Independents also tend to be more susceptible to get hurt, since the economics of operating a single jewelry store are daunting. While we can point to a few highly successful single-store operators – Borscheims, for example – the economics of the jewelry industry favor multi-store operators.
Currently, for every independent jeweler which closes in the U.S. market, a chain jewelry store opens in its place. Multi-store chains can attract talented people, because of the opportunities for promotions and the possibility of expansion of duties beyond the store sales floor. Multi-store chains can buy better from vendors because of the size of their orders. Typically, multi-store jewelry chains have stronger finances, because of the efficiencies of scale. Thus, they are “bankable”: banks will lend them working capital to pay vendors much more readily than they will lend money to most single-store mom-and-pop operators.
Most retail sectors have already consolidated. In the consumer electronics industry Best Buy and Circuit City dominate. Once, however, there were Crazy Eddie, Newmark & Lewis, Federated Group, Highland Appliance (once the second largest consumer electronics retailer in the U.S.), Audio Video, and others. Ditto for the home center industry which is now dominated by Lowe’s and Home Depot.
Where have all of the independent hardware stores gone? Mostly, they went out of business, except for a few who affiliated with a buying group such as Ace Hardware.
One of the questions we are regularly asked is, ‘Will the jewelry industry become a duopoly? If so, who will the two dominant competitors likely be?‘ The jewelry industry is not likely to consolidate to the level of just two or three dominant competitors, simply because there is too much customer service required for this fashion-driven, luxury goods market niche.
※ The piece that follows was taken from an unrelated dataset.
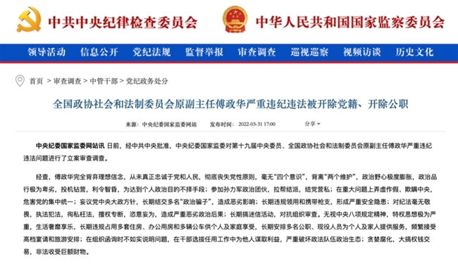 傅政华被双开了。昨晚中央纪委国家监委发出700字长篇通报,措辞相当严厉,诸如“政治野心极度膨胀,政治品行极为卑劣,投机钻营,利令智昏,为达到个人政治目的不择手段”“参加孙力军政治团伙,拉帮结派,结党营私”“长期搞迷信活动,对抗组织审查”等。

There are still some retail sectors which have not consolidated: wine stores, cobblers, florists, and a few others. This is the domain of the merchant who provides customer service levels that a giant like Wal-Mart cannot provide.
While we believe that independent jewelers will continue to go out of business at a measured pace, they won’t become extinct like the dinosaurs near term.
To succeed, merchants should mentally get out of the jewelry business and get into the business of jewelry. This is a major distinction we are making here. Most independent jewelers are in the business because they like diamonds, colored gemstones, and precious metals. Minding the store – going over financial reports, hiring good people, finding good locations – is secondary to selling luxury fashion merchandise. Those jewelers won’t be in business much longer.
The successful jewelers are in the business of jewelry. They focus on the business of jewelry before they buy the first sparkling gemstone. The successful jewelers pore over their monthly financials, looking for ways to improve their results. . If there is one financial measure that jewelers should review monthly – or better yet, or daily - it is cash flow. When the cash is flowing, everything else will pretty much take care of itself.
When a jeweler truly understands what it means to be in the business of jewelry, they could be successful running any retail operation – selling tires, televisions, or toys.
The key to success comes from first understanding the business of jewelry, leveraging that knowledge with one store, and then rolling it out to additional stores, rather then rushing out to open new stores to become a multi-store operation.
Jewelers tend to be family operations, with the head of the family running the operation. It is imperative for family jewelers to bring in fresh outside viewpoints. We’d recommend that every jeweler form a Board of Advisors, including their banker and perhaps other successful business people around town. Join an industry “share” group. Broaden your horizons. And most of all, love making a profit more than you love those sparkling gemstones and shining precious metals.